条件としては、親御さんが75歳未満で、年間の年金受給額が180万円未満、さらに社会保険の被保険者が親御さんの年金受給額の2倍以上収入を得ていることです。75歳以上になると、後期高齢者医療保険の対象となるため、扶養に入れることができません。
国民健康保険と社会保険の保険料の違い
ここまで国民健康保険と社会保険の違いを紹介してきました。この項では、国民健康保険と社会保険で保険料の負担額はどのように変わってくるのかを紹介していきます。国民健康保険料、社会保険料、それぞれ算出方法が異なり、また、負担額は人それぞれです。保険料の負担額が気になる方は、こちらを参考にしてみてください。
負担額はどちらも個人によって違う
保険料の負担額は、国民健康保険と社会保険、共に個人によって異なり、個人の収入によって変動します。収入が少ない人は保険料の負担額が少なく、収入が多い人は保険料の負担額が大きくなります。それでは、国民健康保険、社会保険それぞれの保険料の負担額の算出方法を見ていきましょう。
国保の保険料の算出方法
国民健康保険の保険料の負担額は、前年度の収入を元に計算されますが、各市町村によって保険料率が異なるため、各市町村によって保険料の負担額も変わってきます。詳しくはご自身がお住いの市町村のホームページを見たり、各市役所、各役場に問い合わせてみてください。国民健康保険には「扶養」という概念がないため、世帯人数によっても変動します。
社会保険の保険料の算出方法
社会保険の保険料は、標準報酬月額という保険料のランクがあり、1ヶ月の収入によってその標準報酬月額が決定します。例えば、月20万円収入がある人は、標準報酬月額は20万円となり、その金額相当の保険料を負担することになります。協会けんぽのホームページに標準報酬月額の早見表が載っていますので、気になる方は検索して見てみてください。

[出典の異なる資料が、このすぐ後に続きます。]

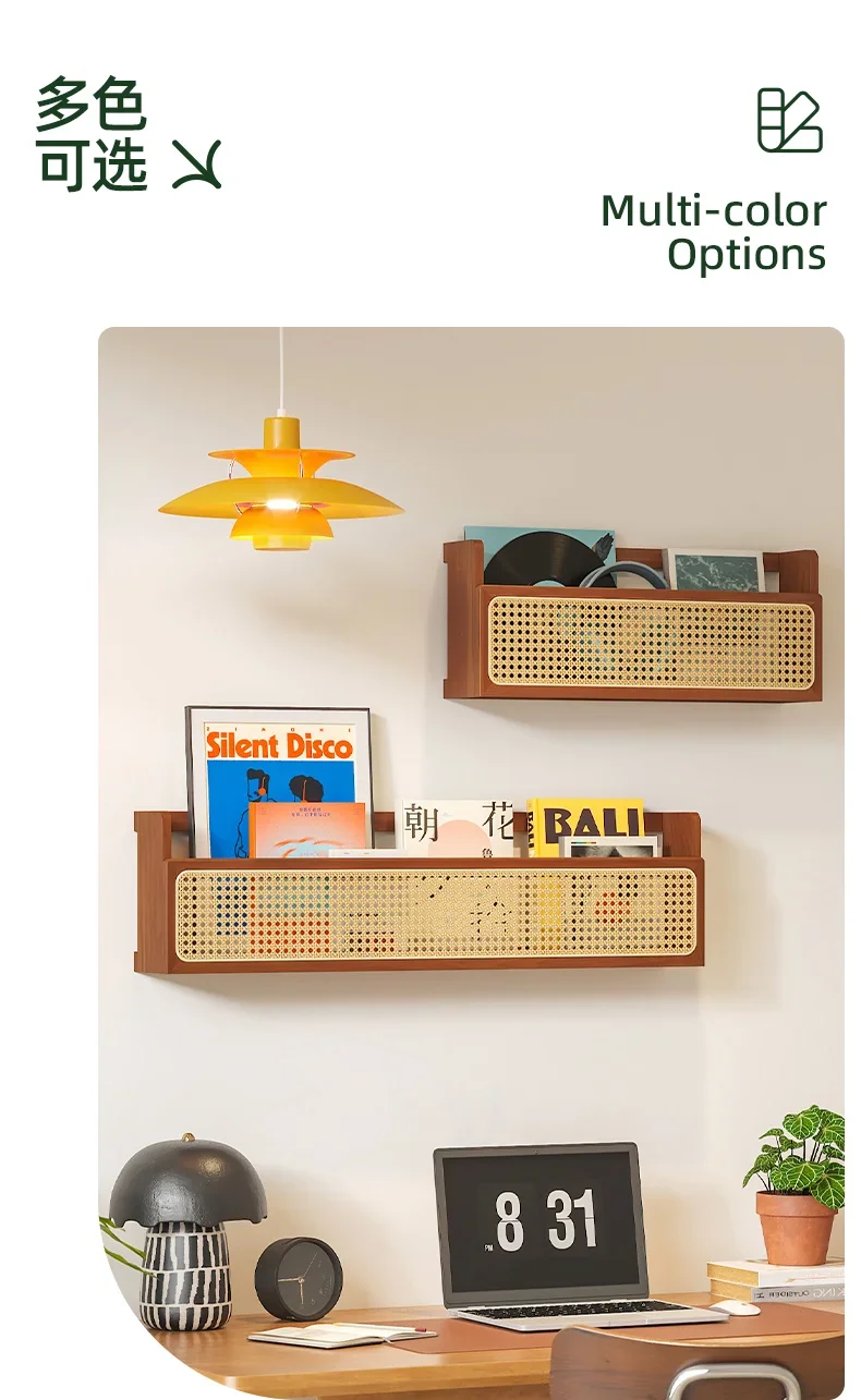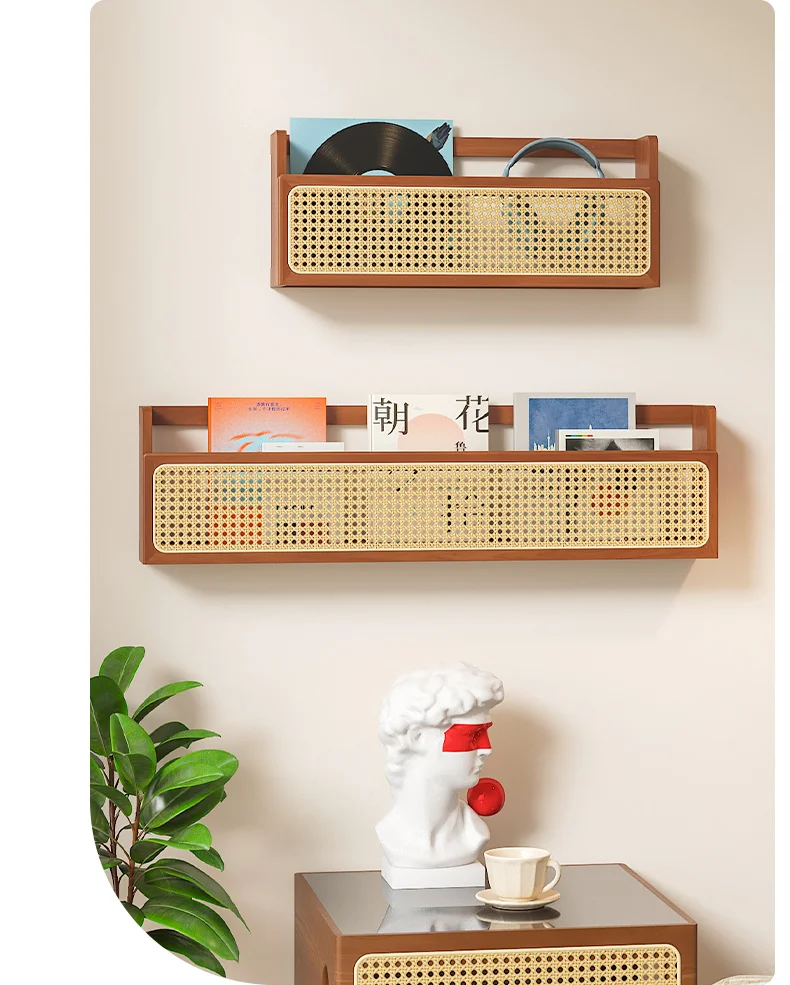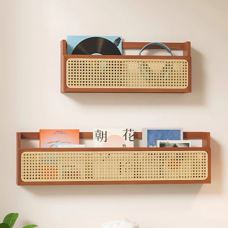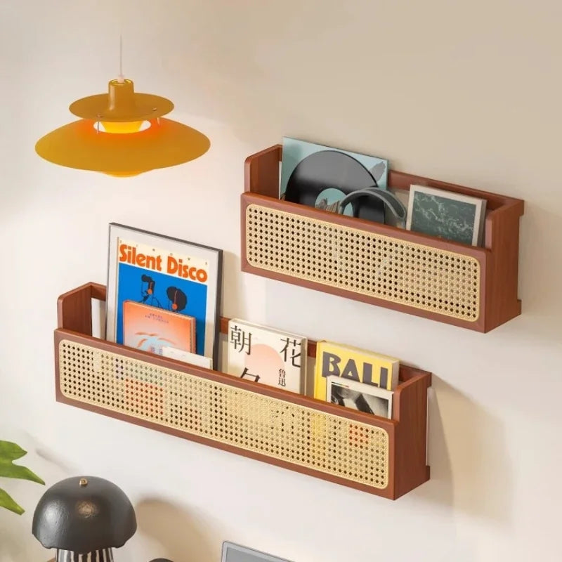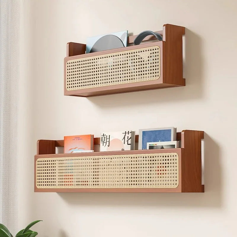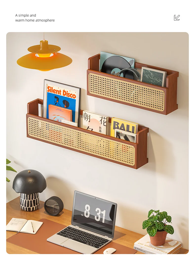 Simple Rattan Magazine Rack Vintage Bookshelf for Living Room Mid-Century Wall Mounted Book Organizer Space-saving Storage Rack

また、年に1回この標準報酬月額の見直しを行う「算定基礎」という作業が総務部で行われます。4~6月分の給与支給額を、社会保険加入者全員分日本年金機構に提出し、9月分の保険料から、保険料の負担額が改定になります。
配偶者・扶養家族の保険料について
また、配偶者と扶養家族の保険料についてですが、こちらは結論から言うと、納付不要です。表現が適切かどうかはわかりませんが、配偶者と扶養家族の保険料については、社会保険の被保険者に便乗して保険料を支払う形となります。こういった点を考えると、社会保険被保険者は、家族を扶養に入れるとお得です。
国民健康保険と社会保険の高額医療の違い
もし、病気やケガで入院することになった際には、「高額療養費」という1ヶ月にかかった医療費が限度額を超えた場合に、越えた金額分が払い戻される制度があります。こちらも、国民健康保険と社会保険で異なる部分があります。その異なる部分とは何かについて紹介していきますので、よくご確認ください。
年収が同じでも差が出る場合がある
結論から言うと、年収が同じでも社会保険の方が医療費がかかっても得することになります。医療費の限度額は、国民健康保険は昨年度の所得金額から、社会保険は月収から計算することになります。収入から必要経費を引いた額が所得になりますが、国民健康保険の場合は、さらにそこから33万円を引いた額が所得となります。
そのため、年収が同じでも国民健康保険の場合は、自己負担限度額が社会保険よりも低くなってしまいます。この点では、国民健康保険に加入している方は損をすることになってしまいます。
社会保険にしかないメリット
実は社会保険には、国民健康保険料にはない大きなメリットが存在します。それは、社会保険被保険者の保険料の負担額が少なく済むという点です。国民健康保険料は被保険者本人が全て負担しなればなりませんが、社会保険は保険料の負担を補助してくれる制度があります。こちらについて詳しく紹介していきます。
企業が保険料を半額負担してくれる
社会保険に加入すると、保険料は社会保険の被保険者と企業で折半して負担することになります。つまり、社会保険の被保険者が負担するべき保険料は、従来負担するべき保険料額の半額だけで良いのです。収入が多い人ほど保険料の負担額が減ります。保険料の負担が半額だけで良いのは大きなメリットです。
扶養家族の保険料を納付しなくてよい
また前述したように、社会保険の保険料を納付すべきなのは社会保険の被保険者のみで、扶養家族は保険料を納付しなくて済みます。扶養家族の保険料は社会保険の被保険者に便乗する形で納付することになるため、扶養家族の保険料の負担額は0円です。こちらも社会保険の大きなメリットです。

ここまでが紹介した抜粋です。